Exercise goal
The whole listing below must be printed again exactly, images excluded.

Data for this task
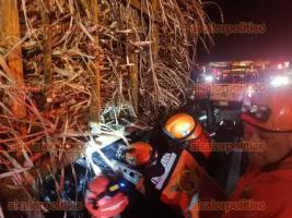 Un movimiento de grupos de emergencia se registró la noche de este sábado en la carretera federal 140 tramo Xalapa-Veracruz a la altura de la recta de Cerro Gordo donde un vehículo se estrelló contra la parte de un camión cargado con caña de azúcar quedando sus ocupantes dos mujeres prensadas.
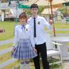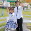 Women's Lace White Long Sleeve + Blue Grey Paid Dress, Men's lace white long sleeve + black trousers + black tie
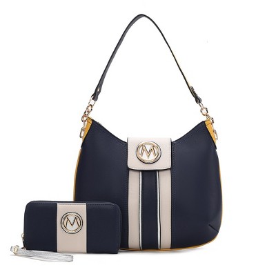 MKF Collection Jaseli Women’s Hobo Bag with Wristlet Bracelet Keychain with a Credit Card Holder by Mia K - Navy Mustard
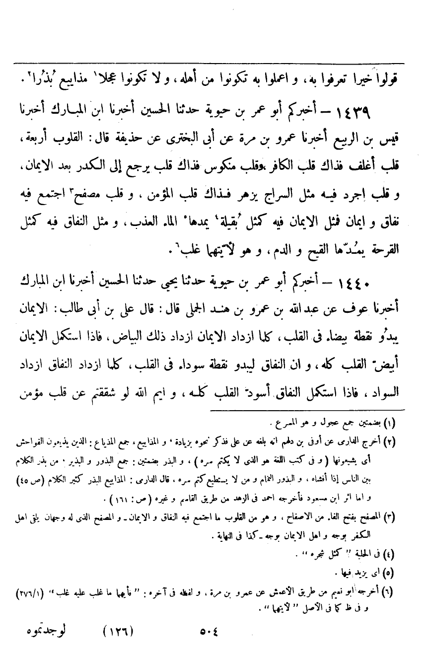 ١٤٣٩ - أَخْبَرَكُمْ أَبُو عُمَرَ بْنُ حَيَوَيْهِ، حَدَّثَنَا يَحْيَى، حَدَّثَنَا الْحُسَيْنُ، أَخْبَرَنَا ابْنُ الْمُبَارَكِ، أَخْبَرَنَا قَيْسُ بْنُ الرَّبِيعِ، أَخْبَرَنَا عَمْرُو بْنُ مُرَّةَ، عَنْ أَبِي الْبَخْتَرِيِّ، عَنْ حُذَيْفَةَ قَالَ: " الْقُلُوبُ أَرْبَعَةٌ: قَلْبٌ أَغْلَفُ فَذَاكَ قَلْبُ الْكَافِرِ، وَقَلَبٌ مَنْكُوسٌ فَذَاكَ قَلْبٌ يَرْجِعُ إِلَى الْكَدَرِ بَعْدَ الْإِيمَانِ، وَقَلْبٌ أَجْرَدُ فِيهِ مِثْلُ السِّرَاجِ يُزْهِرُ، فَذَاكَ قَلْبُ الْمُؤْمِنِ، وَقَلْبٌ مُصَفَّحٌ اجْتَمَعَ فِيهِ نِفَاقٌ وَإِيمَانٌ، فَمَثَلُ الْإِيمَانِ فِيهِ كَمَثَلِ بُقَيْلَةٍ يَمُدُّهَا الْمَاءُ الْعَذْبُ، وَمَثَلُ النِّفَاقِ فِيهِ كَمَثَلِ الْقُرْحَةِ يَمُدُّهَا الْقَيْحُ وَالدَّمُ، وَهُوَ لِأَيَّتِهِمَا غَلَبَ "
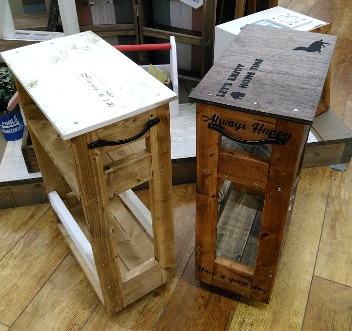 カット済みの木材を電動工具で組み立て、水性塗料やワックスでペイントします。DIYの基本である箱の組み立てや丁番の取り付け方が学べます。DIYツールの収納はもちろん、小物収納にも使える便利でかわいいボックスです♪
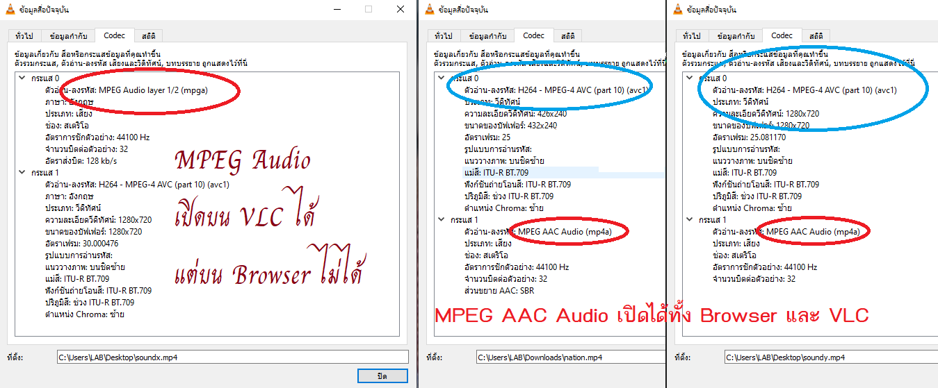 มีเพื่อนคนที่หนึ่ง ทำคลิปวิดีโอแบบ .mp4 ออกมามากมายหลายซีรี่ และมีเพื่อนคนที่สอง ชอบดูซีรี่จากเพื่อนคนที่หนึ่ง ที่เผยแพร่ในระบบ edoc ที่คลิ๊กแล้วเปิดดูแต่ละ episode และฟังเสียงผ่าน chrome browser ได้เลย แต่มีอยู่คลิปหนึ่ง ที่ไม่ได้ยินเสียง สัญลักษณ์บน browser ที่แสดงเสียง ก็เป็น mute คือเปลี่ยนเป็น un mute ไม่ได้ แต่เมื่อนำ link ไปเปิดบน VLC Player บน PC หรือ VLC extension บน Chrome OS พบว่า สามารถเปิดขึ้นมา และได้ยินเสียงตามปกติ เมื่อเปิดดู Codec ของแฟ้ม .mp4 พบว่า กระแสเสียง กำหนดเสียงเป็น MPEG Audio layer 1/2 (mpga) ขึ้นมาเป็นกระแส 0 ส่วนคลิปที่เคยเปิดออกปกตินั้น จะมี กระแส 1 เป็น MPEG AAC Audio (MP4a) ซึ่งคู่กับ กระแสวิดีทัศน์ ที่เป็น H264 - MPEG-4 AVC (part 10) สรุปได้ว่า แฟ้มคลิปมีปัญหา (Corrupted file) แก้ไขโดยตัดต่อ แปลงใหม่ ส่งออกบางส่วน เช่นใช้โปรแกรม VLC Player ตัดบางส่วนออกมา พบว่า Codec ได้แบบเดิม แต่เสียงไม่มีปัญหาทั้งบน browser และ player ทั่วไป ซึ่งกรณีที่แก้ปัญหาได้ถือว่าโชคดี เพราะความเสียหายของคลิปยังไม่มากพอ
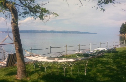 The house is located directly in front of the sea. The organic garden with 40 fruit trees of all kinds.
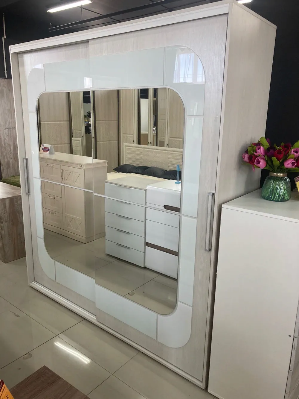 Декор: лакобель (белое), зеркала с фацетом.
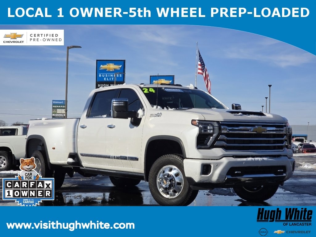 CARFAX VERIFIED 1-OWNER. Free CARFAX report! DESIRABLE FEATURES: * LOCAL-TRADE-IN *, * CARFAX 1-OWNER *, * LOCAL 1-OWNER *, * BOUGHT & SERVICED HERE *, * CLEAN CARFAX *, MOONROOF, TRAILER BRAKE CONTROLS, SPRAY-IN BEDLINER, APPLE CARPLAY, SOLD HERE NEW, LEATHER, DUALLY, TECH PKG, DIESEL, 4X4, ANDROID AUTO, HEATED-SEATS, PARK ASSIST, COOLED SEATS, WIRELESS PHONE CHARGING, CROSS-TRAFFIC ALERTS, TOW PKG, HEATED-STEERING WHEEL, HEATED-REAR SEATS, BOSE AUDIO, LANE-DEPARTURE WARNING, REMOTE START, MULTI-ZONE AC, BLIND-SPOT MONITORING, RUNNING-BOARDS, BACKUP CAMERA, BLUETOOTH, ALLOY-WHEELS, FOG LAMPS, BACKUP-SENSORS, 5th WHEEL TOW PKG, SiriusXM, Remote entry. Your GM Certified 2024 Chevrolet Silverado 3500HD 4WD Crew Cab Long Bed High Country vehicle is perfect for daily work or weekend road trips to our neighboring communities of Lancaster, Columbus, Newark, Pickerington, and Logan.GM CERTIFIED PRE-OWNED BENEFITS:
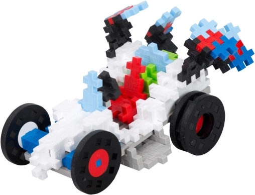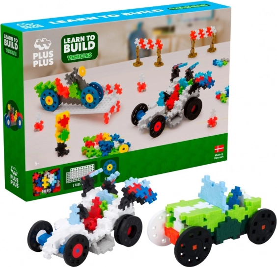Sada Plus-Plus Nauč sa stavať - Autá je ideálna pre rozvoj kreativity a jemnej motoriky u detí. S viac než 480 dielikmi, 2 podložkami a 6 kolieskami ponúka možnosť postaviť rôzne modely vozidiel ako autá, motorky a trojkolky.
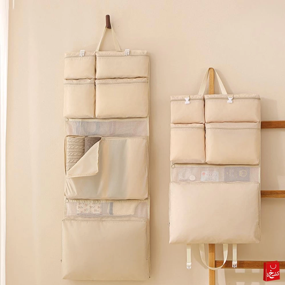 • الأقسام: 3 رفوف + جيب سفلي بسحاب + خطاف علوي
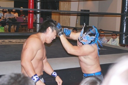 ロックアップ、アズールバック取る、ヘッドロック、HARASHIMA切り返してヘッドロック、アズールロープに振ってショルダーブロックの打ち合い(左写真)。アズールロープに飛ぶ、HARASHIMAキチンシンク。
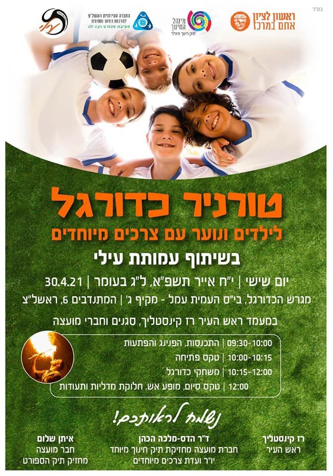 ביוזמת חברת המועצה, ד"ר הדס הכהן, ביום שישי 30.4 ייצא לדרך טורניר הכדורגל לילדים ונוער עם צרכים מיוחדים במגרש הכדורגל בעמית עמל בראשון לציון
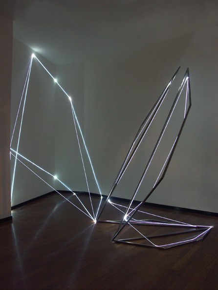 sue sculture in acciaio inox e fibre ottiche o plexiglass e fibre
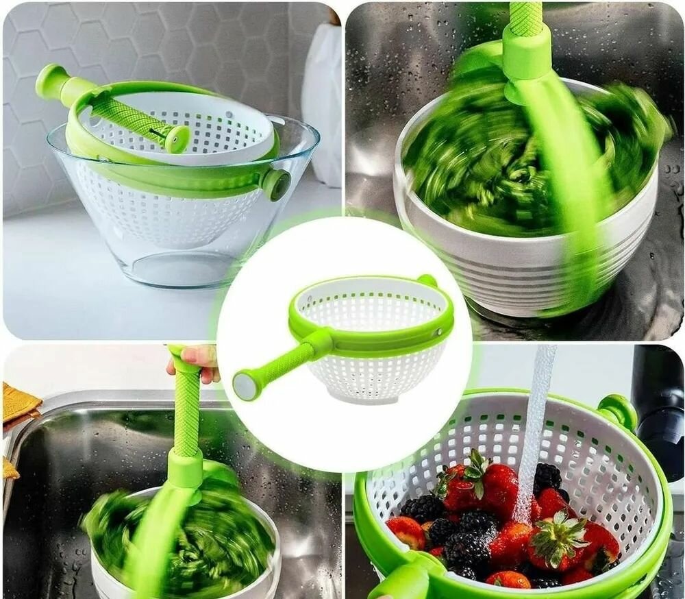 Сушилка механическая с ручкой spinning strainning colander / для зелени, овощей, фруктов и ягод / центрифуга для салата пластиковая интересное:
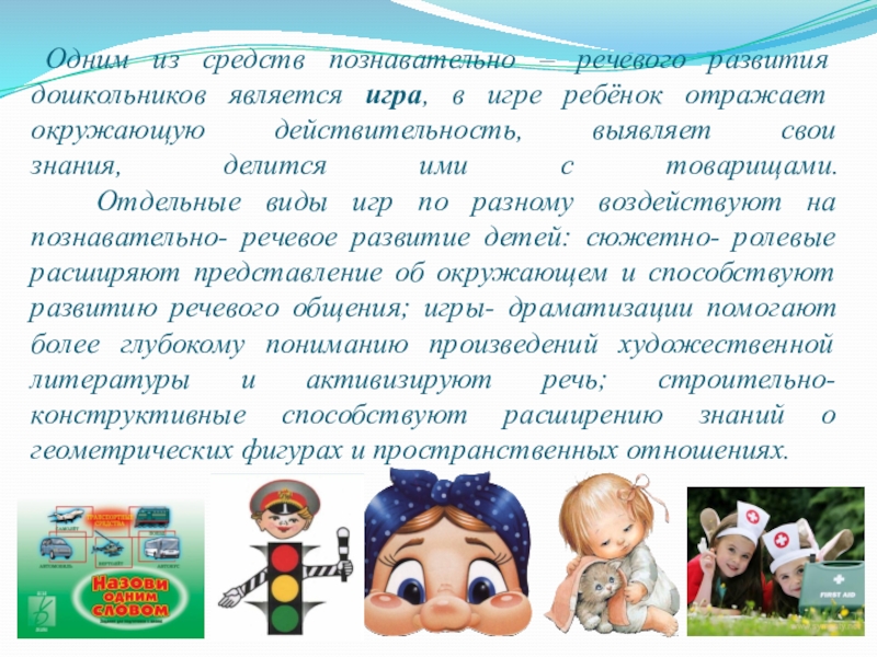 Слайд 9 Одним из средств познавательно – речевого развития дошкольников является игра,

Exercise response
 Un movimiento de grupos de emergencia se registró la noche de este sábado en la carretera federal 140 tramo Xalapa-Veracruz a la altura de la recta de Cerro Gordo donde un vehículo se estrelló contra la parte de un camión cargado con caña de azúcar quedando sus ocupantes dos mujeres prensadas.
 Women's Lace White Long Sleeve + Blue Grey Paid Dress, Men's lace white long sleeve + black trousers + black tie
 MKF Collection Jaseli Women’s Hobo Bag with Wristlet Bracelet Keychain with a Credit Card Holder by Mia K - Navy Mustard
 ١٤٣٩ - أَخْبَرَكُمْ أَبُو عُمَرَ بْنُ حَيَوَيْهِ، حَدَّثَنَا يَحْيَى، حَدَّثَنَا الْحُسَيْنُ، أَخْبَرَنَا ابْنُ الْمُبَارَكِ، أَخْبَرَنَا قَيْسُ بْنُ الرَّبِيعِ، أَخْبَرَنَا عَمْرُو بْنُ مُرَّةَ، عَنْ أَبِي الْبَخْتَرِيِّ، عَنْ حُذَيْفَةَ قَالَ: " الْقُلُوبُ أَرْبَعَةٌ: قَلْبٌ أَغْلَفُ فَذَاكَ قَلْبُ الْكَافِرِ، وَقَلَبٌ مَنْكُوسٌ فَذَاكَ قَلْبٌ يَرْجِعُ إِلَى الْكَدَرِ بَعْدَ الْإِيمَانِ، وَقَلْبٌ أَجْرَدُ فِيهِ مِثْلُ السِّرَاجِ يُزْهِرُ، فَذَاكَ قَلْبُ الْمُؤْمِنِ، وَقَلْبٌ مُصَفَّحٌ اجْتَمَعَ فِيهِ نِفَاقٌ وَإِيمَانٌ، فَمَثَلُ الْإِيمَانِ فِيهِ كَمَثَلِ بُقَيْلَةٍ يَمُدُّهَا الْمَاءُ الْعَذْبُ، وَمَثَلُ النِّفَاقِ فِيهِ كَمَثَلِ الْقُرْحَةِ يَمُدُّهَا الْقَيْحُ وَالدَّمُ، وَهُوَ لِأَيَّتِهِمَا غَلَبَ "
 カット済みの木材を電動工具で組み立て、水性塗料やワックスでペイントします。DIYの基本である箱の組み立てや丁番の取り付け方が学べます。DIYツールの収納はもちろん、小物収納にも使える便利でかわいいボックスです♪
 มีเพื่อนคนที่หนึ่ง ทำคลิปวิดีโอแบบ .mp4 ออกมามากมายหลายซีรี่ และมีเพื่อนคนที่สอง ชอบดูซีรี่จากเพื่อนคนที่หนึ่ง ที่เผยแพร่ในระบบ edoc ที่คลิ๊กแล้วเปิดดูแต่ละ episode และฟังเสียงผ่าน chrome browser ได้เลย แต่มีอยู่คลิปหนึ่ง ที่ไม่ได้ยินเสียง สัญลักษณ์บน browser ที่แสดงเสียง ก็เป็น mute คือเปลี่ยนเป็น un mute ไม่ได้ แต่เมื่อนำ link ไปเปิดบน VLC Player บน PC หรือ VLC extension บน Chrome OS พบว่า สามารถเปิดขึ้นมา และได้ยินเสียงตามปกติ เมื่อเปิดดู Codec ของแฟ้ม .mp4 พบว่า กระแสเสียง กำหนดเสียงเป็น MPEG Audio layer 1/2 (mpga) ขึ้นมาเป็นกระแส 0 ส่วนคลิปที่เคยเปิดออกปกตินั้น จะมี กระแส 1 เป็น MPEG AAC Audio (MP4a) ซึ่งคู่กับ กระแสวิดีทัศน์ ที่เป็น H264 - MPEG-4 AVC (part 10) สรุปได้ว่า แฟ้มคลิปมีปัญหา (Corrupted file) แก้ไขโดยตัดต่อ แปลงใหม่ ส่งออกบางส่วน เช่นใช้โปรแกรม VLC Player ตัดบางส่วนออกมา พบว่า Codec ได้แบบเดิม แต่เสียงไม่มีปัญหาทั้งบน browser และ player ทั่วไป ซึ่งกรณีที่แก้ปัญหาได้ถือว่าโชคดี เพราะความเสียหายของคลิปยังไม่มากพอ
 The house is located directly in front of the sea. The organic garden with 40 fruit trees of all kinds.
 Декор: лакобель (белое), зеркала с фацетом.
 CARFAX VERIFIED 1-OWNER. Free CARFAX report! DESIRABLE FEATURES: * LOCAL-TRADE-IN *, * CARFAX 1-OWNER *, * LOCAL 1-OWNER *, * BOUGHT & SERVICED HERE *, * CLEAN CARFAX *, MOONROOF, TRAILER BRAKE CONTROLS, SPRAY-IN BEDLINER, APPLE CARPLAY, SOLD HERE NEW, LEATHER, DUALLY, TECH PKG, DIESEL, 4X4, ANDROID AUTO, HEATED-SEATS, PARK ASSIST, COOLED SEATS, WIRELESS PHONE CHARGING, CROSS-TRAFFIC ALERTS, TOW PKG, HEATED-STEERING WHEEL, HEATED-REAR SEATS, BOSE AUDIO, LANE-DEPARTURE WARNING, REMOTE START, MULTI-ZONE AC, BLIND-SPOT MONITORING, RUNNING-BOARDS, BACKUP CAMERA, BLUETOOTH, ALLOY-WHEELS, FOG LAMPS, BACKUP-SENSORS, 5th WHEEL TOW PKG, SiriusXM, Remote entry. Your GM Certified 2024 Chevrolet Silverado 3500HD 4WD Crew Cab Long Bed High Country vehicle is perfect for daily work or weekend road trips to our neighboring communities of Lancaster, Columbus, Newark, Pickerington, and Logan.GM CERTIFIED PRE-OWNED BENEFITS:
Sada Plus-Plus Nauč sa stavať - Autá je ideálna pre rozvoj kreativity a jemnej motoriky u detí. S viac než 480 dielikmi, 2 podložkami a 6 kolieskami ponúka možnosť postaviť rôzne modely vozidiel ako autá, motorky a trojkolky.
 • الأقسام: 3 رفوف + جيب سفلي بسحاب + خطاف علوي
 ロックアップ、アズールバック取る、ヘッドロック、HARASHIMA切り返してヘッドロック、アズールロープに振ってショルダーブロックの打ち合い(左写真)。アズールロープに飛ぶ、HARASHIMAキチンシンク。
 ביוזמת חברת המועצה, ד"ר הדס הכהן, ביום שישי 30.4 ייצא לדרך טורניר הכדורגל לילדים ונוער עם צרכים מיוחדים במגרש הכדורגל בעמית עמל בראשון לציון
 sue sculture in acciaio inox e fibre ottiche o plexiglass e fibre
 Сушилка механическая с ручкой spinning strainning colander / для зелени, овощей, фруктов и ягод / центрифуга для салата пластиковая интересное:
 Слайд 9 Одним из средств познавательно – речевого развития дошкольников является игра,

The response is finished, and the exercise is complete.